The futility of the theory. A note on Nozick

In the discussions of ideological a claim shared in the debate is that you can derive from first principles the positions on the specific issues that we have to solve. To illustrate and criticize this idea, in this entry we will focus on the work of Nozick, in Anarchy, State and Utopia, in the distant past of 1974, has developed some of the arguments best designed in defence of an ideological position (a liberalism that is pure in your case) of the last few decades.

The first thing to notice is that, as usual, Nozick does not defend both the liberalism as that gets the consequences of it if it develops in a pure form. The starting point is that people have rights, and that unless they agree in certain exchanges there is no reason around justice in order to compel them, it would be to take away their rights. Under the premises of Nozick, it is difficult to make, and it focuses a good part of the text, it is even able to think of to justify the very existence of the State -which by definition is an agency coercive. It is clear, and so explicit Nozick in the first pages of the text.

All of this operates in the range of pure theory: They take premises and deduce their consequences. Up here the reality has not appeared, mostly, which in principle is not so problematic for a pure theory of justice (that you can always say that to do justice even when the world is destroyed). You have deficiencies in both pure theory (as we saw, the starting point is what was being discussed), but in principle the absence of reality is not a problem.

One of the moments in which it appears the reality is in his discussion of the principles of retributive justice. They are the following:

If the world were completely fair, the following definitions inductive cover exhaustively the subject of justice on belongings.

1) A person who acquires a membership, in accordance with the principle of justice in acquisition is entitled to that membership.

2) A person who acquires a membership in accordance with the principle of justice in transfer, from someone else with the right membership, has a right to membership.

3) No one has a right to membership except by application (repeated) of 1 and 2. (Nozick, Part II, Chap VII, Sect 1, p 154)

Now, Nozick then begins to discuss the fact that not all distributions are fair (given that not all in the reality they follow those principles). There is violence, slavery, fraud etc, What do you do in that case? Well, there is such a thing as justice corrective. Nozick declares that there is no general theory about this, and not the will (two times in paragraphs in a row). That said, it happens to worry about topics of pure theory (in a society completely fair that goes with the justice of the distributions of effective, criticizing Rawls, etc)

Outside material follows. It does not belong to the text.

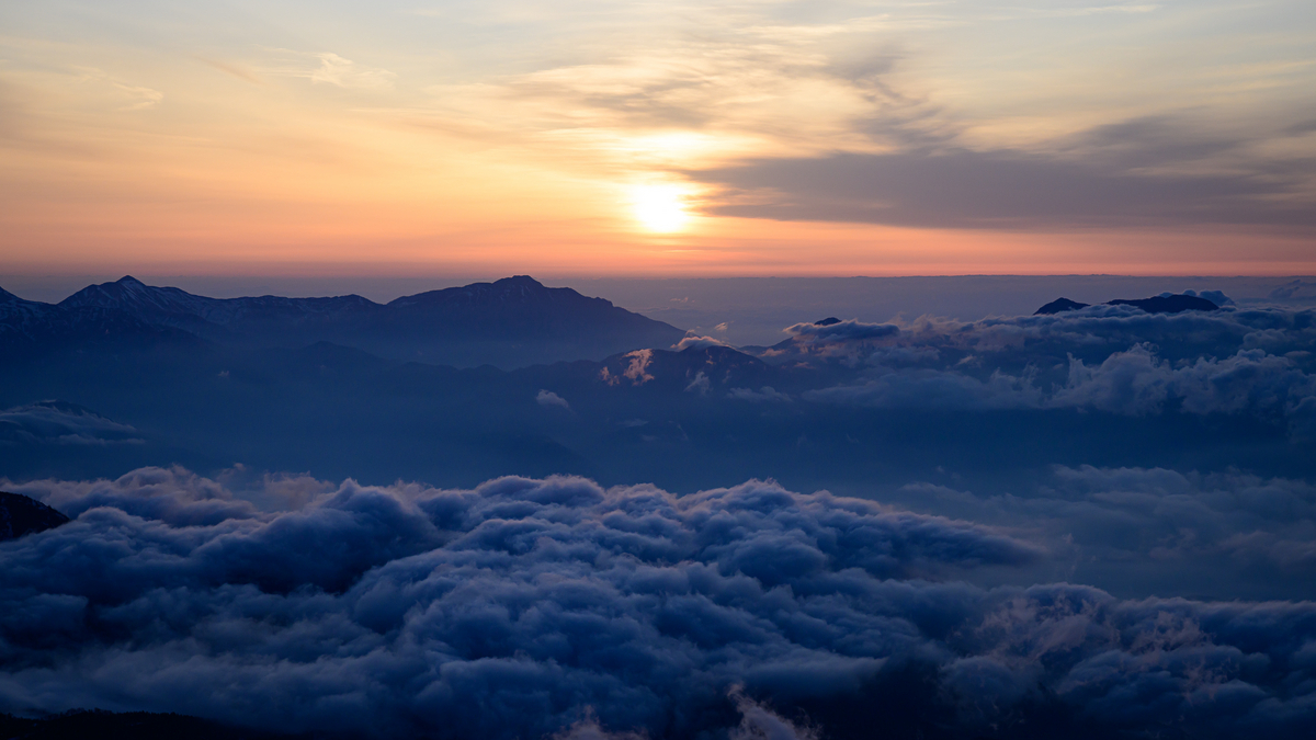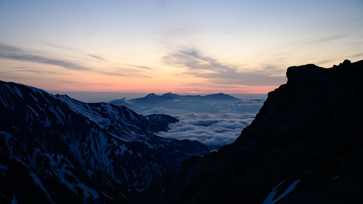 杓子岳へ向かう途中で日の出を迎えます。

It is interesting that you overlook this irruption of a real event. Because from that fact real well could end up proposing concrete policies is very far from the minimal state that defends Nozick. Let’s start with the fact that there is injustice in the world (i.and the actual distribution is not based on the principles above), something that the same Nozick declares. Ergo, there is a wide field of activity to justice corrective.

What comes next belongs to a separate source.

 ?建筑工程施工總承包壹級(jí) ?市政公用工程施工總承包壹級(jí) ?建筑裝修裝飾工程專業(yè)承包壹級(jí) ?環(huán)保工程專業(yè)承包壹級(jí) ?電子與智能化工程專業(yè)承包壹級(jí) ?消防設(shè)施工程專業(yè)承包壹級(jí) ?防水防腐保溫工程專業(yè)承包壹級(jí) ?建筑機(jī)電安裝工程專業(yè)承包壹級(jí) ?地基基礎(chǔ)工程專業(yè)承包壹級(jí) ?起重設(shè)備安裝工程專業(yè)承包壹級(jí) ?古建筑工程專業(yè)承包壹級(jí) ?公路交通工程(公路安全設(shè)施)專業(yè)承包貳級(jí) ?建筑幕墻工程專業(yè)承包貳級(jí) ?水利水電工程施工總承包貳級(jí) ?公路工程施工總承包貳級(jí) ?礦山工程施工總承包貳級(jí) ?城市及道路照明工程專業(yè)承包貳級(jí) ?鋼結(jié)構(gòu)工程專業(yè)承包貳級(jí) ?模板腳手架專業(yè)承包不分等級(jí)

Moreover, let us recall that Nozick dixit, there is no general theory about it. We have No other than to apply the criterion, the practical reason; not merely pure principles. How to solve repair problems due to injustices past is not something that is simple deduction from first principles. The same with the problem as far as the effect of such injustices (does it affect subsequent exchanges?).

Then, there are no items that prohibit the outline of Nozick a strong corrective action against injustices (injustices understood in their schema, or when it does not comply with its principles). If we think that Nozick wrote his text in 1974, and that only in 1965, the whole fabric of the laws of Jim Crow were abolished, one might think that the effects of unjust of slavery in the united States had not been eliminated by the abolition of slavery, but were still recent (and then, could justify à la Nozick corrective action).

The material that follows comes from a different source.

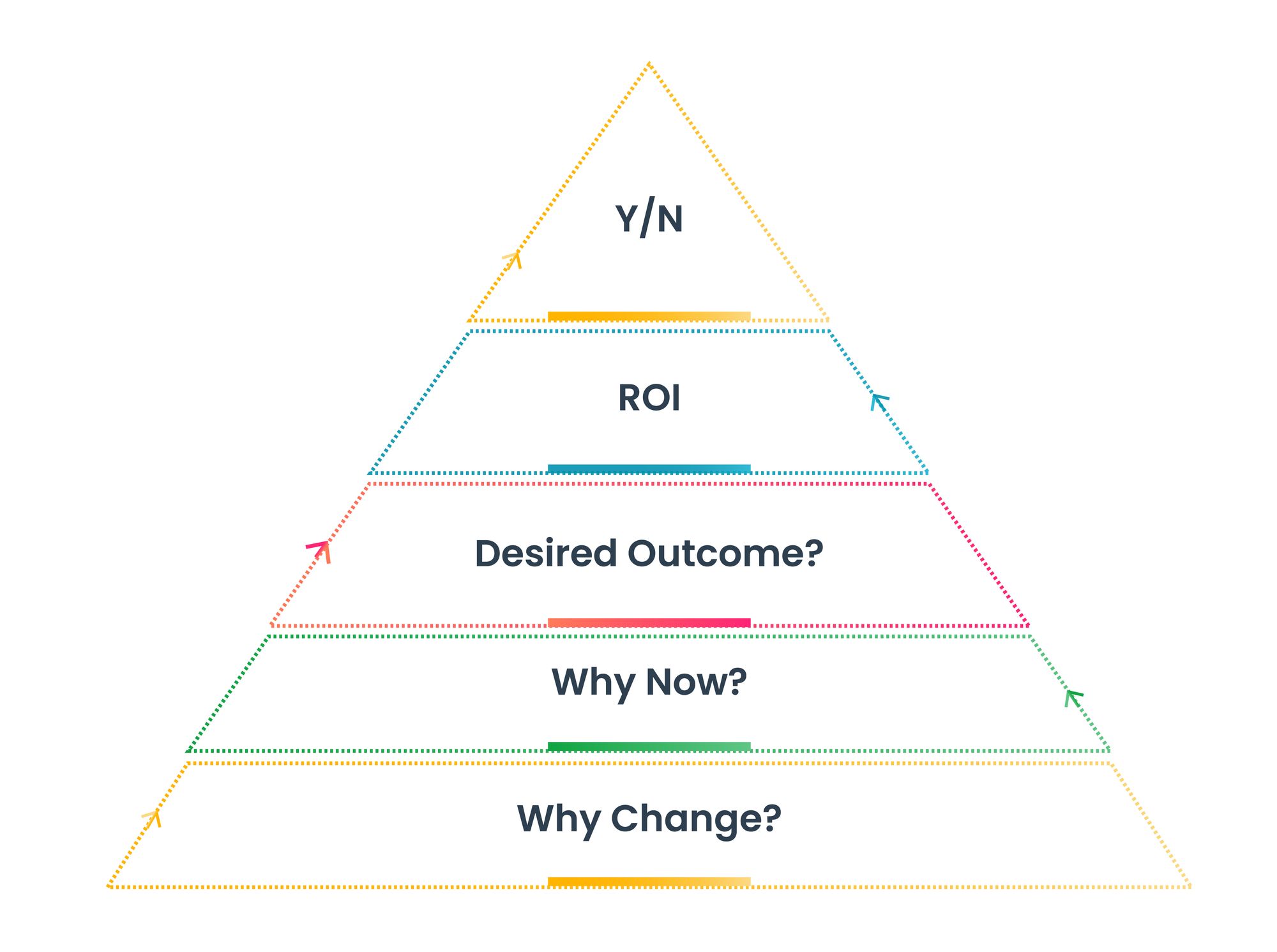 To visually explain the questions related to B2B outbound marketing strategies, William Miller used the buy-sell pyramid model.

Further, suppose that one shows that there is a trend in any set of interactions to produce, even if he has instituted a world’s fair according to the principles of Nozick, interactions that do not comply with those principles -and then it is necessary to so perpetual and consistent principles of corrective justice. And we think that it might show that, according to how to make these interactions, these injustices are usually discovered ex-post, in such a way that its correction is not possible through legal actions of the individual.

From these considerations it would be possible to justify from the own principles of Nozick, a program that would substantiate a good part of the actions of the Welfare State. The point here is not the correctness of such considerations, but that all of them are of the nature of thumb-say relation to the processes and situations of the reality of social life. Show, then, what we wanted to say at the start: That the claims of pure theory are not sufficient to support concrete action. It is only the conjunction of that type of arguments and principles in certain situations and processes of the empirical which allows to assess anything.

By the way, while we have used Nozick in this entry, could do with anyone. Although it would be more complex, it is possible to defend a pro-capitalist to the current situation based on Marx (it is a thing to remember the progressive character of capitalism on formations, pre-Marx and give longer deadlines to the social processes that marxism analyzes). It is a general theme of what we are defending.

The claim only on the basis of considerations of first principles to determine what is just hic et nunc is a claim that is traditional in the modern way of thinking (because any time we criticize the same idea in the Critique of Practical Reason of Kant, link here). But it is insufficient, and in the end it is always required that action that requires discretion and judgment to gather various types of considerations (principles, empirical etc) has been called from old, at least since Aristotle, practical reason, and is defined, precisely, by not be possible to reduce it to a simple deduction from the general to the particular.